No doubt county residents are better served in some essential ways today than we would be without the ordinance.
And yet, a review of changes in the county over the last decade or so reveals that our APFO is not living up to its utilitarian name and pedestrian goals. It would be difficult, for instance, to argue that roads in the county have not been getting more and more congested. That could have something to do with the fact that the ordinance only covers roads "from the site's planned entrance(s) to the nearest intersection of an arterial road or freeway/expressway."
All primary and interstate highways are exempt, and the county doesn't control state and federal highways, but for almost everyone who commutes "down the road" toward Washington or Baltimore, that's small comfort. Even putting that aside for the moment, however, anyone who drives in and around the county knows that traffic isn't just getting worse on the interstate.
Yet, even the idea of an APFO has its detractors, and too often county residents are in a position of having to defend an ordinance that's barely adequate, or not adequate enough.
Recently, however, there have been proposals to consider fire and rescue services when new residential and commercial development is approved.
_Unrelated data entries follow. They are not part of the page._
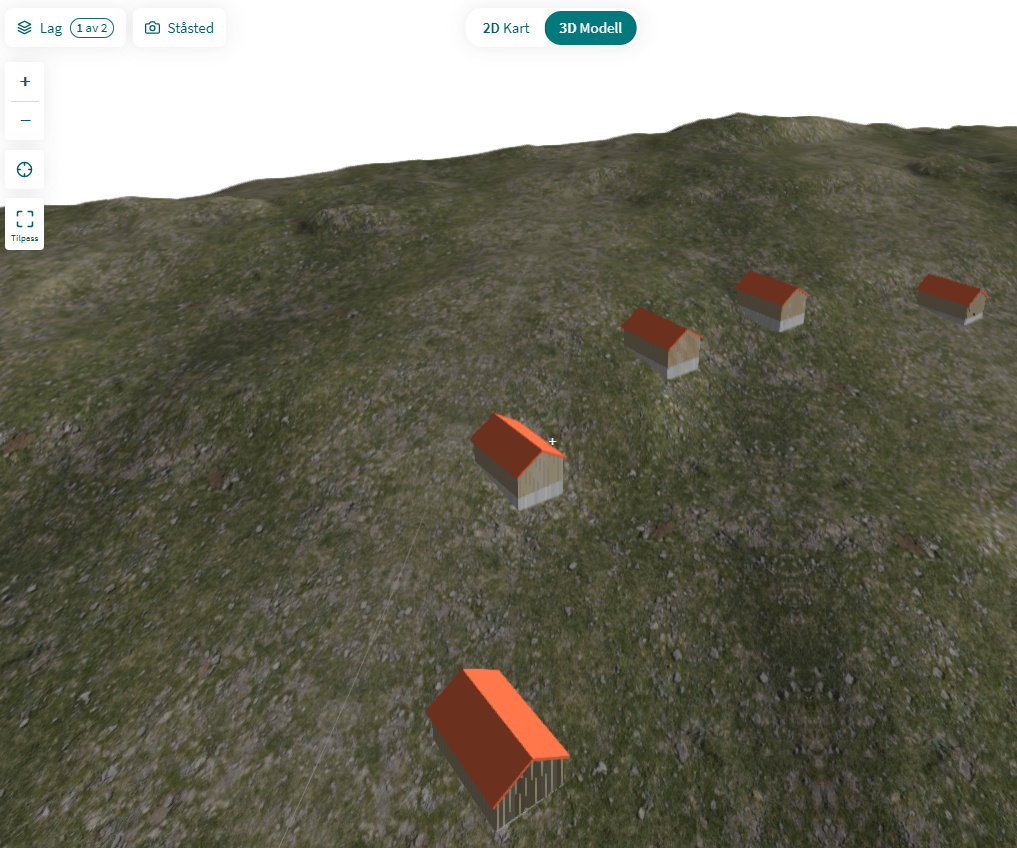 Sjekk at terreng-gridet og de innsatte bygningene vises.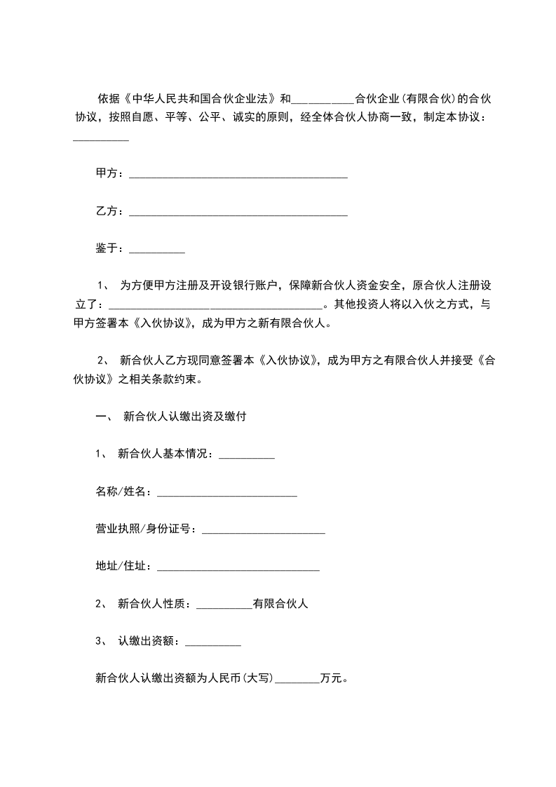 二、 乙方签署本《入伙协议》即成为甲方之有限合伙人。新合伙人应按照甲方普通合伙人之书面指令,于____年_____月____日前,将其认缴出资额人民币(大写)________万元支付至甲方开立的银行账户:__________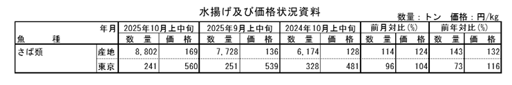 消費地(東京)におけるさば類の入荷先は、まさばは宮城主体に富山・三重・長崎等から、ごまさばは宮城主体に岩手・千葉・静岡・三重等からであった。10月上中旬の入荷量は前月から4%減少し、前年同月から27%減少した。価格は前月の4%高、前年同月の16%高であった。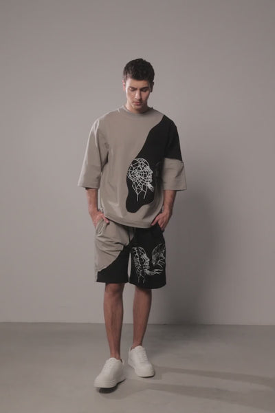 The asymmetric two-tone construction creates a fluid contrast between tones, enhanced by a geometric graphic print that adds depth and identity to the piece. The relaxed, oversized fit offers effortless comfort and a modern silhouette that elevates everyday wear.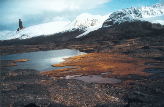 Tundra [von finnisch tunturi=Hügel], baumfreie- oder -arme Vegetationszone der Subpolargebiete. Diese setzen sich neben der Tundra aus Frostschuttzone und Gletscherbereich zusammen. Die Frostschuttzone (bis zu 10 % Vegetationsbedeckung) breitet sich in der Höhenstufung oberhalb der Tundrenzone aus ( Abb. 1 ). Die Tundra nimmt etwa 3-4 % der Erdoberfläche ein und ist besonders auf der Nordhalbkugel vertreten, wo sie den größten Teil der arktischen Festlandsmassen umfasst. Unter Tundra versteht man die Region, die sich nördlich der polaren Waldgrenze erstreckt und eine überraschende Fülle von Flechten, Moosen und Gefäßpflanzen beherbergt. Die Tundra grenzt im äußersten Norden an Polarwüsten, den sog. Kältewüsten an, die durch extreme Niederschlagsarmut (unter 100 mm/Jahr) gekennzeichnet sind. Die Südgrenze der Tundra entspricht der Abgrenzung der Arktis zum borealen Nadelwald. Seit vielen Jahrzehnten gilt der Verlauf der 10°C-Juli-Isotherme, die etwa der polaren Baum- und Waldgrenze entspricht, als weitgehend anerkannte Südgrenze auf den Festländern. Der Übergangsbereich zur borealen Zone wird in Nordamerika von der Wald-Tundra eingenommen. Die Bodenverhältnisse sind durch den darunter liegenden Dauerfrostboden (Permafrost) bestimmt, welcher eine Infiltration verhindert und zur großflächigen Vernässung tiefer liegender Bereiche führt. Die verbreiteten Bodentypen sind Podsole, Gleye und arktische Braunböden. Die hohe Feuchtigkeit lässt unterschiedliche Frostbodenformen (z.B. Erdbülten, Strangmoore, Palsas, Pingos und Frostspaltenpolygone) entstehen. Durch die Bodendynamik wird organisches Material in den tieferen Boden verlagert (Kryoturbation). Es kommt zur Akkumulierung von organischem Material an der Bodenoberfläche in Form von Torfmooren, da Sauerstoffmangel in den vernässten Lagen den Abbau des jährlich von der Vegetation produzierten organischen Materials verhindert. Diese Gebiete gehören zu den großen terrestrischen Kohlenstoffspeichern der Erde. Die Tierwelt wird saisonal von Rentieren, Wölfen und vielen Brutvogelarten bevölkert, aber auch ortsfeste Arten wie Moschusochsen, Polarfüchse, Schneehasen und Lemminge sind für die Tundra typisch. Die wechselwarmen Landwirbeltiere (Reptilien und Amphibien) sind in der Tundra nicht vertreten. Physiognomisch ist die Tundra nicht homogen. In der Süd-Nord-Richtung erfolgt eine subzonale Gliederung, die durch charakteristische Vegetationsmerkmale die ökologischen Verhältnisse unterschiedlicher Tundrazonen widerspiegelt. In der Abbildung 2 wurden in der europäischen und nordamerikanischen Tundra vier Subzonen ausgeschieden. Die arktische Strauch-Tundren-Zone (ASTZ) ist eine Mischung von Tundrengesellschaften und Gebüschinseln, wobei die Baumhöhe selten über 2 m liegt. Die Zone stellt einen Übergangsbereich zur borealen Zone dar und ist im südlichen Bereich mit der Wald-Tundra verzahnt. Die südliche Zwergstrauch-Tundren-Zone (SZTZ) nimmt in der Arktis einen sehr breiten Raum ein. Die Vegetationsbedeckung schwankt zwischen 50% und 100% und ist geprägt von Zwergsträuchern und sogar Gebüschen (Salix, Ledum, Betula), die eine durchschnittliche Höhe von 40-60 cm erreichen. In der mittleren Zwergstrauch-Tundren-Zone (MZTZ) liegt die durchschnittliche Vegetationsbedeckung zwischen 25 % und 50 %. Auffallend sind vielfältige Pflanzengesellschaften der Fjellheide mit der dominierenden Silberwurz (Dryas spp.). Charakteristisch ist in kontinentalen Bereichen die große Flechtenfülle (Flechten-Tundra), wohingegen sich bei maritimem Einfluss die Moosbedeckung (Moos-Tundra) stark erhöhen kann. In der nördlichen Zwergstrauch-Tundren-Zone (NZTZ) liegt die durchschnittliche Vegetationsbedeckung bei 10-25%.

After all, when such services are stretched too thin, it isn't only new developments that are affected. Another proposal would include parks and recreational facilities. Some communities in other places have included libraries.
And the controversy about our rapidly filling landfill and the location of a potential waste transfer station raises the question about whether or not solid waste disposal should be included.
How well we plan for and deal with traffic, water and sewage, and schools, as well as fire and rescue, parks and waste disposal, has a real impact on our quality of life. Perhaps it is time to change the nature of the discussion and begin the process of developing an "Outstanding Public Facilities Ordinance."